Lets define a binary relation predicate "chosen from" as:
$$\begin{align}C \text{ chosen from } X \iff& \forall x \in X \, (x \cap C \neq \emptyset) \, \land \\&\neg \exists B \subsetneq C : \forall x \in X \, (x \cap B \neq \emptyset)\end{align}$$
In English: Set $C$ is chosen from set $X$ if and only if $C$ has nonempty intersection with every element of $X$ and such that no proper subset of $C$ can have nonempty intersection with every element of $X$
Now my question is:
Is the axiom $``\forall X \, \exists C: C \text{ chosen from } X"$ equivalent to the $\sf AC$ over $ \sf Z \text {-Power} $?

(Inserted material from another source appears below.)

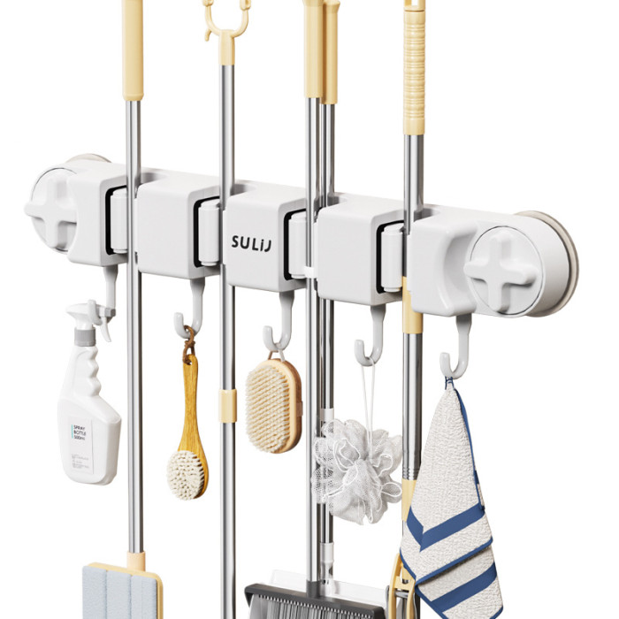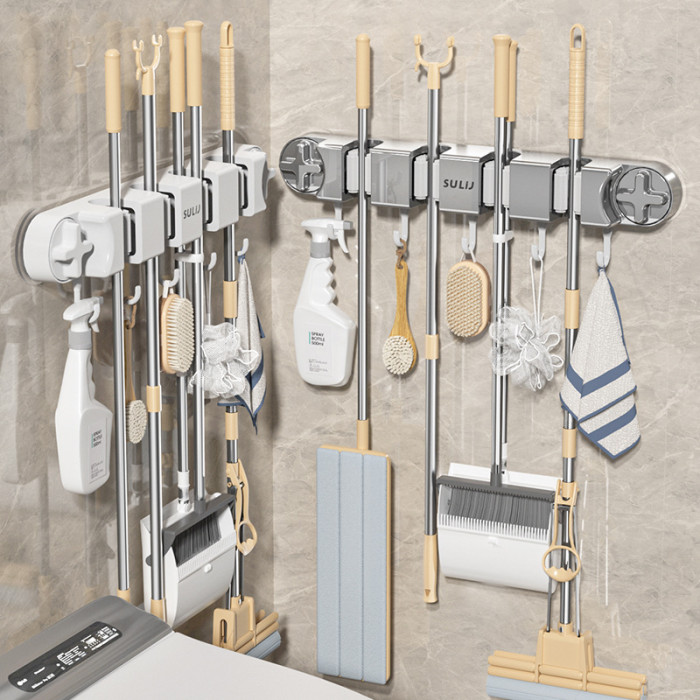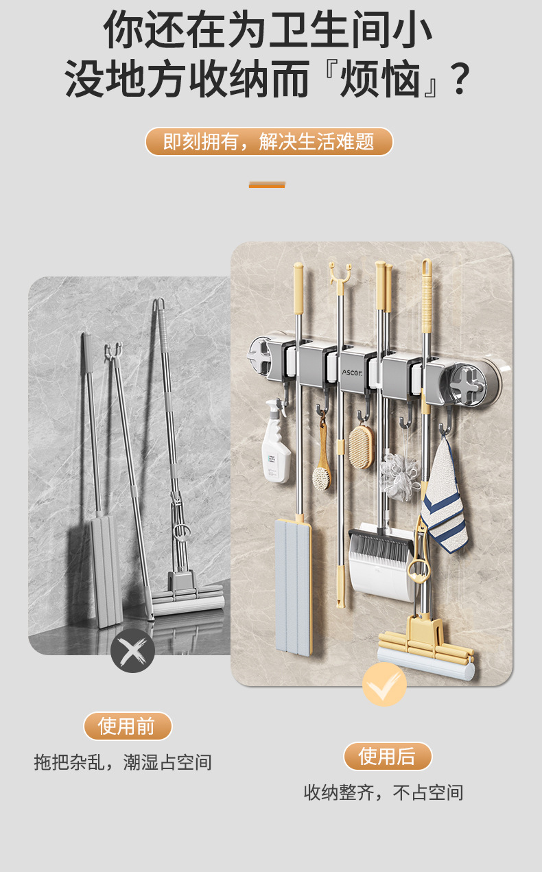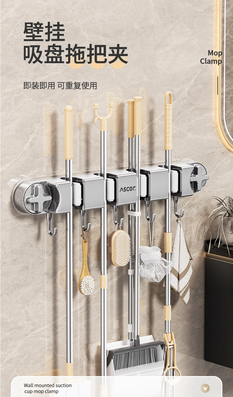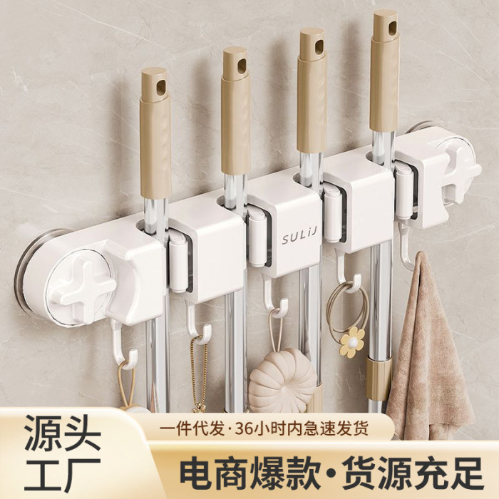 吸盤拖把夾衛生間免打孔收納掛架卡扣掃把拖布掛鉤壁掛牆上置物架

I was thinking of defining a function $f$ that sends each element $x$ of $X$ to the set of all maximal overlaps (\non-overlaps) between $x$ and other elements of $X$, that is:
$\begin{align} x^{\cap} =& \{ y \subsetneq x: \exists K \subseteq X ( y= \bigcap K) \land \\&\neg \exists L \exists z( L \subseteq X (z = \bigcap L) \land z \subsetneq y) \}\end{align}$
$ x^\varnothing = \{l : \forall y \in X (l \in y \to y=x)\}$
Where: $\bigcap K = \{y: K \neq \emptyset \land \forall x \in K (y \in x)\}$
So the desired set is $f(x)= x^\cap \cup \{x^\varnothing\}$
If we had replacement then we get the set $f``X=\{f(x): x \in X\}$, take its union then we have a set of disjoint sets, then apply $\sf AC$ on it, and we get the set $C$ chosen from $X$ that meets the account here.

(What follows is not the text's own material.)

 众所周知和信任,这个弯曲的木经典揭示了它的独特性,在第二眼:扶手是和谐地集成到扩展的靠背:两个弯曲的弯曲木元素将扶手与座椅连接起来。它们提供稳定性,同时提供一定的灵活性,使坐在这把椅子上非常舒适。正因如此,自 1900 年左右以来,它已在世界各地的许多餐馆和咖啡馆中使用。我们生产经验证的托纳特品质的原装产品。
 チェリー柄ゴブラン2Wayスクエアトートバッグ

But it appears to me that this argument essentially needs Power set axiom, since if we had that then we can have the required replacement within some iterative power of $X$ and the argument would go through!

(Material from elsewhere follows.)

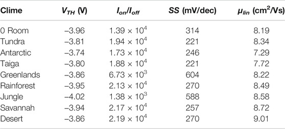 The TFT response to weather variations was evaluated by reproducing the most extreme climes on Earth planet, with their typical temperatures and relative humidity conditions as shown in Figure 2A. The transfer characteristics and the corresponding output were grouped for temperature below and above room T, in Figures 2B,C, respectively. For each weather condition, the transfer characteristic was acquired in the linear region (VDS = 0.1 V) and saturation region (VDS = 3 V). The gate current was not affected by climatic variations and remained constant in the microampere (μA) range. The electrical performance parameters are shown in Table 1 according to the order of the experiment. First, the TFT performances were evaluated from room T and RH (23.7°C, 55%) to negative temperatures. In particular, different climate conditions were simulated in the following order: Tundra (−2.0°C, 0%), Antarctic (−30.0°C, 0%), Taiga (−13.0°C, 0%), Greenlands (8.0°C, 60%), Rainforest (15.0°C, 80%). This protocol has allowed stable conditions (temperature and humidity) in the climate chamber during the TFT characterization. Within this region, a first positive shift of 0.22 V was observed from the initial condition to −30.0°C, 0% while the other parameters remained stable. Then, T was progressively increased up to 15.0°C as well as the RH from 0% to 80%. Here, an opposite shift of VTH was observed to a more negative value. This trend of VTH was in agreement with literature results showing how water vapour absorption induced charges accumulation on the active layer by depleting the channel Kim et al. (2017), Park et al. (2008). Coherently, the gradual reduction of VTH was observed up to Jungle conditions (26.0°C, 90%). Finally, a major impact of RH was observed when the device was brought to the high temperature zones with a reduction of RH. Specifically, the following geographical locations were mimicked: Savannah (29.0°C, 60%), and Desert (50.0°C, 22%). Despite T increasing up to 50.0°C between these two locations, the overall effect on VTH was a positive shift from −4.02 V to −3.86 V. An increase of the Ioff was denoted at high variations of the RH (ΔRH>30%), in agreement with Park et al. (2008). Accordingly, the Ion/Ioff ratio reduced of one order of magnitude down to 6.73 × 103 and the SS deteriorated. Differently from the other parameters, the linear mobility was not influenced by RH since it increased with T, showing a maximum variation of 10% at the highest T (50.0°C, Desert).

The point is to build $x^\cap$ without resorting to Power, and also to be able to have the needed replacements without Power.
However, the above is my personal attack against this problem, which might not be correct.
Your statement is not even a theorem of $\sf ZFC$, so it is certainly not equivalent to $\sf AC$ over $\sf ZF$, let alone $\sf Z-Pwr$. Consider for a rational number $q$, $L_q=\{p\in\Bbb Q\mid p<q\}$, and consider the family of sets $\{L_q\mid q\in\Bbb Q\}$.
Given any $C$ which meets all of them, then $C$ has to be infinite, since it must be unbounded from above, since if $p$ is any rational number, $C$ must contain some $q>p$ in order to meet $L_p$. But now if $p<q$ are both elements of $C$, then $C\setminus\{p\}$ also meets all of the points.
Note that we didn't use any power set of replacement. Indeed, your axiom is simply inconsistent with $\sf Z-Pwr$.